A quick skim of the "docker" executor code in gitlab-runner doesn't turn up any unusual flags being used when creating containers, so I'm guessing there are volumes or bind mounts involved, because those can provide surprises of the type that affected secrets, and I wouldn't be that surprised if the build context was provided in a volume, as it's what the OpenShift builder does.

If I run an unprivileged buildah container as my unprivileged user on a Fedora 40 system like so:

mkdir /tmp/tests
cat > /tmp/tests/Dockerfile << EOF
FROM registry.fedoraproject.org/fedora:40
RUN dnf -y distro-sync
EOF
podman run --device /dev/fuse --rm -it -v /tmp/tests:/root/buildcontext:Z -v /var/lib/containers quay.io/buildah/stable:v1.36.0 sh -c 'dnf -y install trivy; buildah build --layers --sbom trivy --sbom-output=/tmp/sbom.json /root/buildcontext'

...I get the described error with quay.io/buildah/stable:v1.36.0, but not with quay.io/buildah/stable:v1.37.0.

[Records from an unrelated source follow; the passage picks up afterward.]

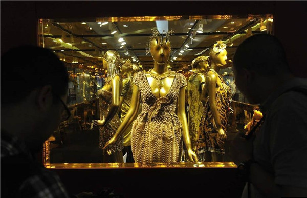 16 bộ váy dát vàng trưng bày tại Bắc Kinh vào ngày 29/6/2011.
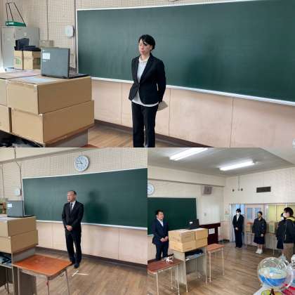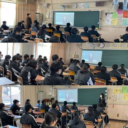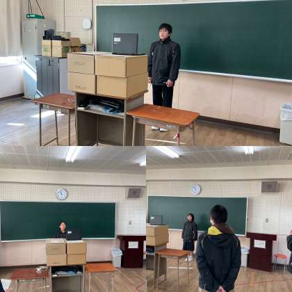 今日(24日)の終業式も全校集会同様、リモートでの開催としました。教務主任の先生の司会で、校長先生からのお話(命を大切に)と生徒指導主事の先生からの冬休みの生活についてのお話、そして、図書委員会からは冬休みを利用して図書館で本を借りた人は始業式から1週間以内に返却しましょうとの連絡と保健委員会からは朝食アンケートの結果について詳しくは3学期に報告しますが、概ね8割以上の人が毎日朝ご飯を食べていることがわかりました。食べていない人は毎日何か食べるようにしましょうとのお話などがありました。最後は、生徒会からの連絡で、今月の生徒議会での話として、学級の状態について1年生は2分前着席ができていない、2年生は授業内での発表者が少ない、3年生は忘れ物、提出物を出していない人がいるとありました。3学期は気を引き締め直し、3学期の生徒議会で同じような話が出ないようにしましょう。とありました。そして、明日から冬休みが始まりますが、冬休みだからと言って夜更かしをするのではなく、早寝早起きを心掛けるようにしましょう。休み明けには1・2年生はチャレンジテストが、3年生は実力テストがありますので復習等を頑張りましょうと訴えていました。
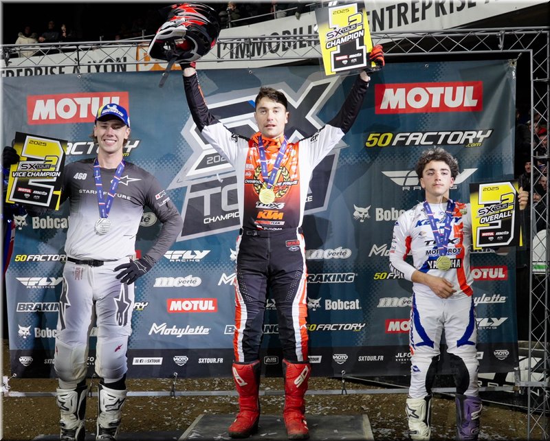 Classement Final SX2 : 1er Calvin FONVIEILLE – KTM TMX 143pts, 2ème Michaël HICKS – Stark Future 137pts, 3ème Jules PIETRE – Yamaha TMX 107pts, 4ème Saad SOULIMANI – TM 105pts, 5ème Hugo MANZATTO – Husqvarna 91pts, 6ème Mickaël LAMARQUE – KTM 89pts, 7ème Kelena HUMPHREY – Stark Future 82pts, 8ème Andrea BONIFACIO – Husqvarna 75pts, 9ème Dorian KOCH – KTM 68pts, 10ème Mathys BOISRAME – 737 Performance KTM 42pts
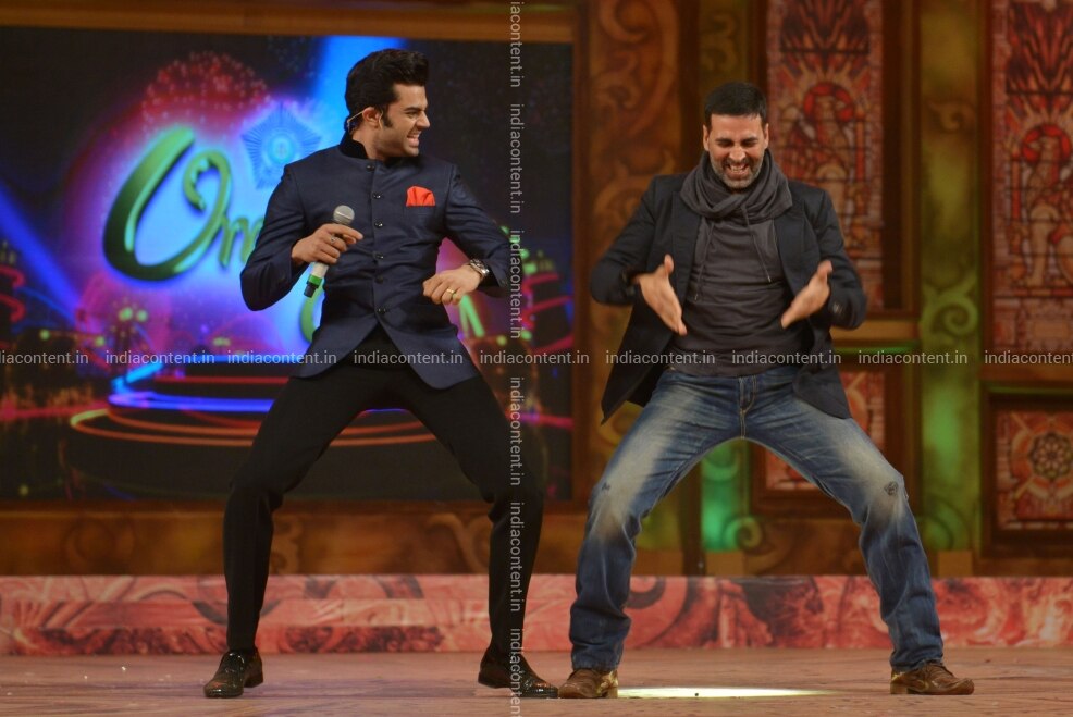 MUMBAI MAHARASHTRA JANUARY 10 Akshay Kumar AND Manish Paul performing IN Mumbai police SHOW UMANG AT Andheri sports complex.Photo BY Milind Shelte India Today GROUP Akshay KumarManish Paul
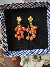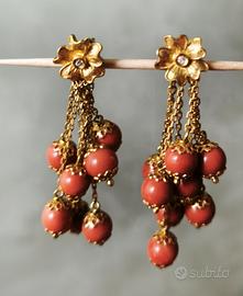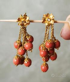 Elegante coppia di orecchini pendenti a grappolo, un classico dell'oreficeria artigianale italiana della fine del XX secolo. Questo gioiello si distingue per il raffinato equilibrio tra il calore del corallo e la lucentezza dell'oro, impreziosito da un dettaglio di luce discreto ma prezioso. Perno a Lobo: Caratterizzato da un delicato motivo a fiore in oro giallo satinato al cui centro è incastonato un piccolo brillante (punto luce). Pendente a Grappolo: Una dinamica composizione di catenelle in oro che sorreggono sfere di corallo rosso mediterraneo (8 per orecchino), ciascuna rifinita da una calottina dorata lavorata a traforo. Materiali: Realizzati in oro 750, tipico della manifattura italiana dell'epoca e corallo naturale autentico. Stile: Un design intramontabile che evoca lo stile neo-vittoriano in voga negli anni '90, perfetto per occasioni formali o per un look vintage ricercato.

That fix is a little mistaken in that it's setting some bits in a mount(2) call's mountflags parameter by directly using the f_flags value a statfs(2) call returned, and those values aren't always interchangeable. For flags like "nodev"/"nosuid"/"noexec", the bits to set are the same ones we get back, but for flags like "relatime" they're quite different. That said, I didn't spot this at the time, and I'm leaning toward keeping the current code if it isn't actively breaking for anyone.

So, I guess the important question is: are people still hitting this problem with the 1.37 image?

github-actions[bot] commented 1 month ago

A friendly reminder that this issue had no activity for 30 days.